Источник

XIX. Король и паны

Появление царевича Димитрия в пределах польского королевства с быстротою молнии стало известным во всех слоях польского общества и вызвало среди него, можно сказать, переполох. Начались бесчисленные переговоры, оживлённая переписка, последовал целый ряд мер, принятых правительством. Лица, заинтересованные в предприятии самозванца, постарались создать ему самую широкую известность, лица, далёкие от него, торопились заявить свою заинтересованность, своё участие, своё желание примкнуть к нему простым ли сочувствием, или открытым предложением своих услуг. Одно общее желание звучит во всех голосах поляков, отозвавшихся на известие о самозванце, это желание взять предприятие в польские руки, отнюдь не выпускать его из Польши, а, напротив, всячески воспользоваться им в польских интересах и для того повернуть его на благовозрение короля. „Что касается, – писал канцлер Замойский к князю Адаму Вишневецкому, – находящегося у вашей милости москвитянина, который называет себя сыном московского князя Ивана Васильевича, то весьма часто подобные вещи бывают правдивы, но часто также и вымышлены. Каково ни есть настоящее дело, всё-таки хорошо было бы, если бы ваша милость потрудилась известить о нём его королевское величество. Узнав волю его королевского величества, ваша милость может послать к нему этого человека, так как его королевское величество изволит познакомиться с этим делом и сделать по поводу него своё определение».

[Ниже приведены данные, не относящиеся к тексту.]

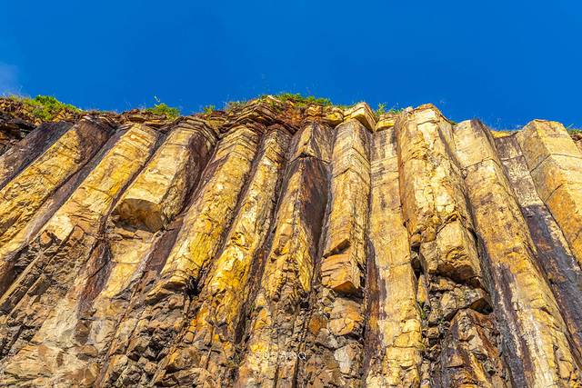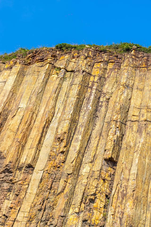 这里的山海风光十分壮阔,一览无遗的平静大海映入眼帘,奇特的六角岩柱将我的渺小身影掩藏在这片山海之间。据悉,这些六角形的岩柱群是现时所知世界上面积和体积最大的,直径平均达1.2米,高度超过100米。
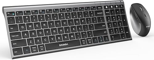 seenda Bluetooth Keyboard and Mouse Combo, COE401 USB+Dual BT Multi-Device, Rechargeable Wireless Keyboard Mouse, Slim Compact Combo Compatible for Mac OS Windows PC Laptop MacBook iPad - Black Grey
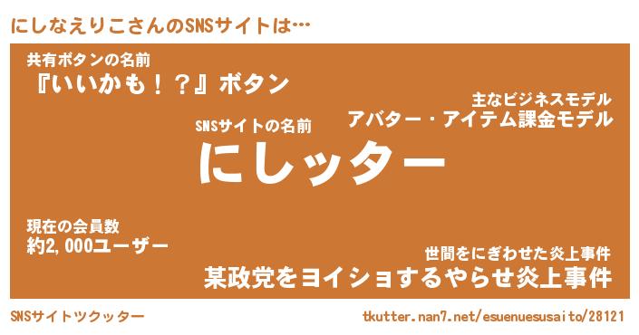 | 男性向けラノベタイトル風あだ名 | 『ニシナエリコアートオンライン』 |
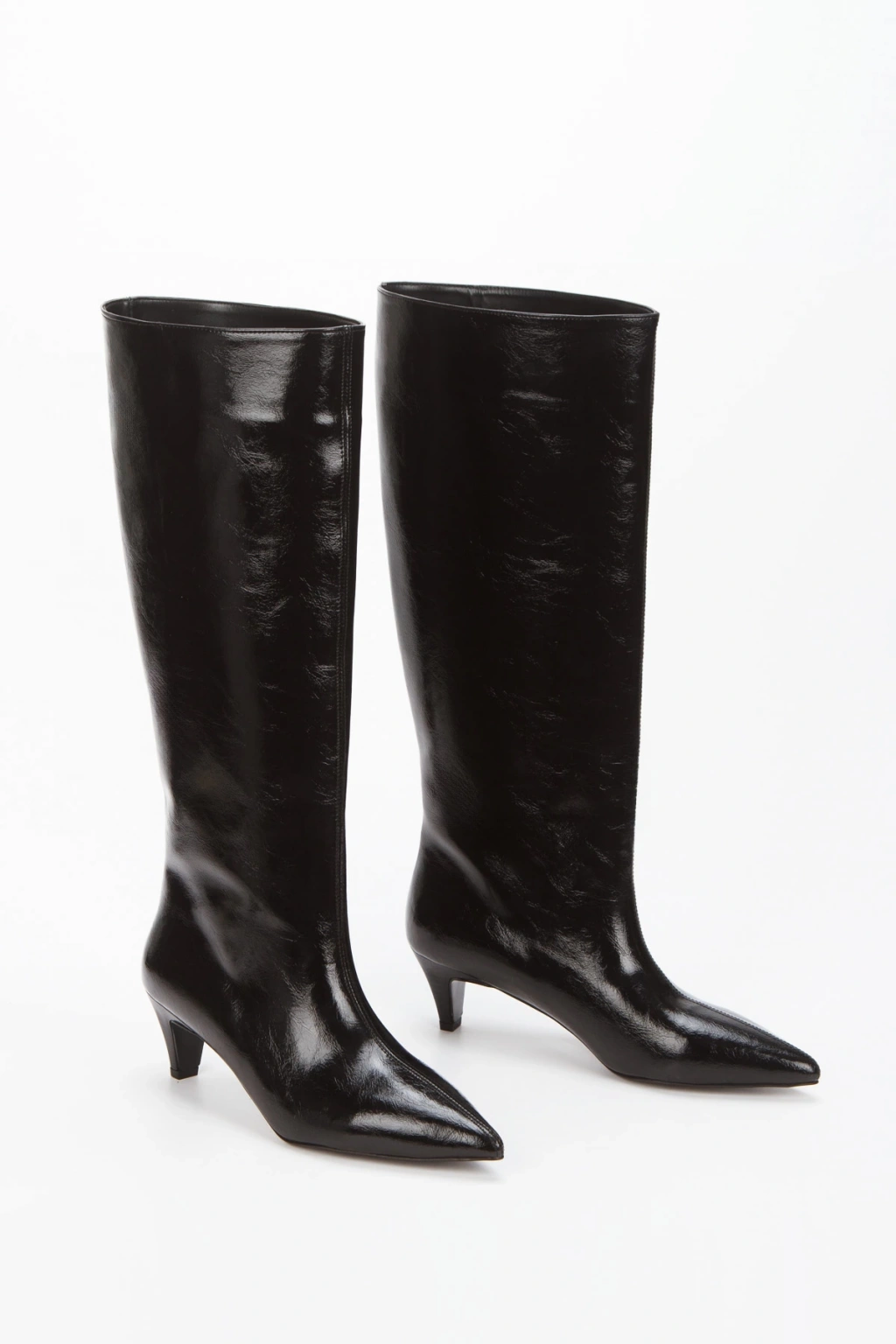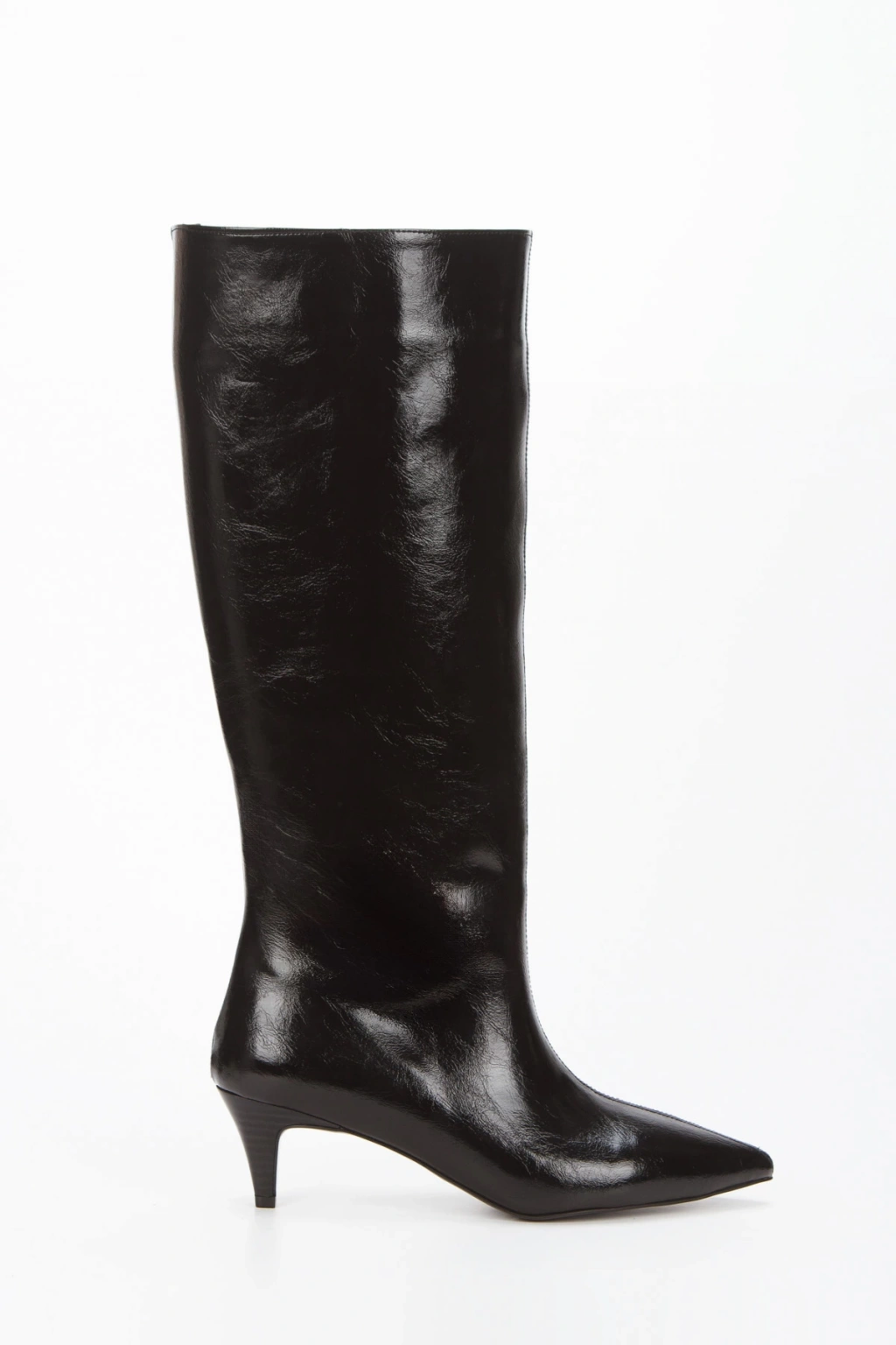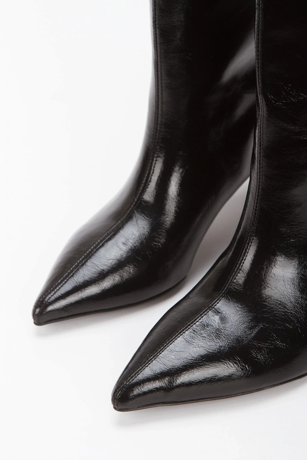 Siyah Rugan Sivri Burunlu İnce Topuklu Çekme Çizme
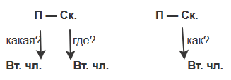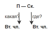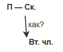Чтобы начертить последнюю схему, сначала, необходимо найти в предложении подлежащее и сказуемое и обозначить их на схеме буквами П. и Ск., затем определить, к какому члену предложения (подлежащему или сказуемому) относится второстепенный член. Слово душистая (второстепенный член), поясняет подлежащее, следовательно, под буквой П. в схеме пишем вопрос, который задаётся от подлежащего к слову душистая (какая?), ставим рядом с вопросом стрелочку, ниже обозначаем второстепенный член (Вт. чл.).
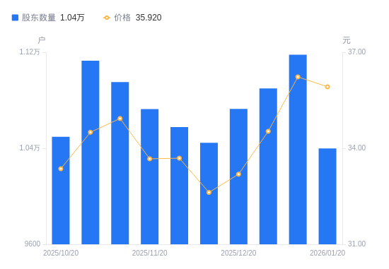 近一年(2025年1月31日至2026年1月20日),北路智控A股股东户数从1.1万户,减低至1.04万户,降幅5.12%,区间股价上涨15.05%。
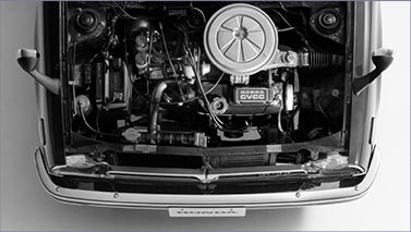 While retaining Honda’s racing spirit, the engine development for the Civic began with the goal of creating a practical liquid-cooled engine that would be a far cry from the DDAC (Duo Dyna Air Cooling) engine developed for the 1300, with its integrated double-walled cooling structure. The biggest challenge was to create an engine that would enable ample cabin space within the car’s limited size. The only way to achieve this was to mount the engine transversely and connect it directly to the transmission. Even with this layout, the initial calculation indicated that the length of the engine had to be reduced to the smallest of measures, otherwise, the steering wheel wouldn’t be able to fully turn.
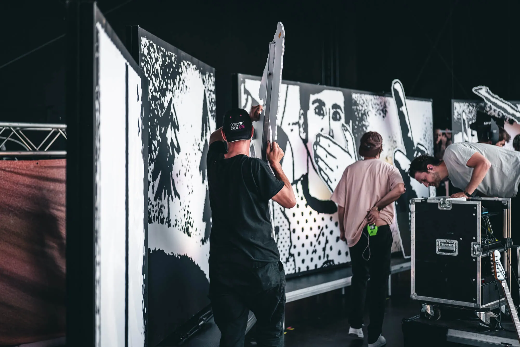 Unsere Leidenschaft ist das Detail. Jeder Backdrop entsteht im Sublimationsdruck auf B1-zertifiziertem Dekostoff — schwer entflammbar, leicht und tourtauglich.
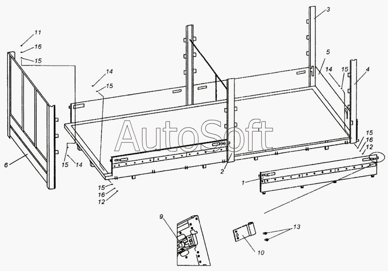 МАЗ | МАЗ-437040 (Зубренок) (2005) | 4370-8502451-010 | Стойка задняя левая | Установка бортов и стоек МАЗ-437040 | |

Князь Адам Вишневецкий не помедлил сообщить королю Сигизмунду свою странную новость. Король пришёл в большое недоумение по поводу полученного известия. 1-го ноября 1603 года, папский нунций при польском дворе Рангони имел аудиенцию в Вавельском замке. Сигизмунд беседовал с ним о странных слухах, ходивших в стране. В Польше появился, как говорили, загадочный человек, приехавший из Москвы. Он называл себя Димитрием, сыном царя Иоанна IV. Многие москвитяне уже признали его таковым и приехали вслед за ним. Он находился на Волыни у князя Адама Вишневецкого и мечтал о том, чтобы вернуть престол при помощи казаков и татар. Король считал это предприятие безумной отвагой и находил, что нельзя полагаться на наёмные войска, которые думают больше о добыче, нежели о своей чести. Что касалось человека, замышлявшего столь смелые планы, то королю хотелось узнать о нём поближе. С этой целью князю Вишневецкому было приказано привезти его в Краков и представить королю обо всём докладе.

Нунций поспешил сообщить эти необычайные слухи в Рим. В Ватикане к ним отнеслись с некоторой недоверчивостью, и папа Климент VIII приписал на полях депеши Рангони собственноручно нижеследующее скептическое замечание: „Это в роде воскресшего короля португальского“, намекая на Лже-Себастианов, появившихся в Португалии после смерти настоящего дона Себастиана.

Тем временем князь Адам исполнил данное ему королём поручение и представил доклад. Нунций позаботился достать доклад Вишневецкого, перевести его на латинский язык и 8-го ноября препроводил его в Рим. Этот документ, сохранённый до нашего времени ватиканским архивом, имеет огромную важность: он содержит историю названного Димитрия, рассказанную им самим. Рангони в письме своём к папе утверждает, что князь Адам только изложил на бумаге всё, рассказанное ему Димитрием, но что сущность рассказа принадлежит всецело самому Димитрию. Димитрий в это время переживал самый критический момент в своей жизни. Всё будущее его зависело от того, что он скажет о себе и насколько ему удастся доказать подлинность своего происхождения. Поэтому можно предполагать, что он сказал всё, что находил нужным.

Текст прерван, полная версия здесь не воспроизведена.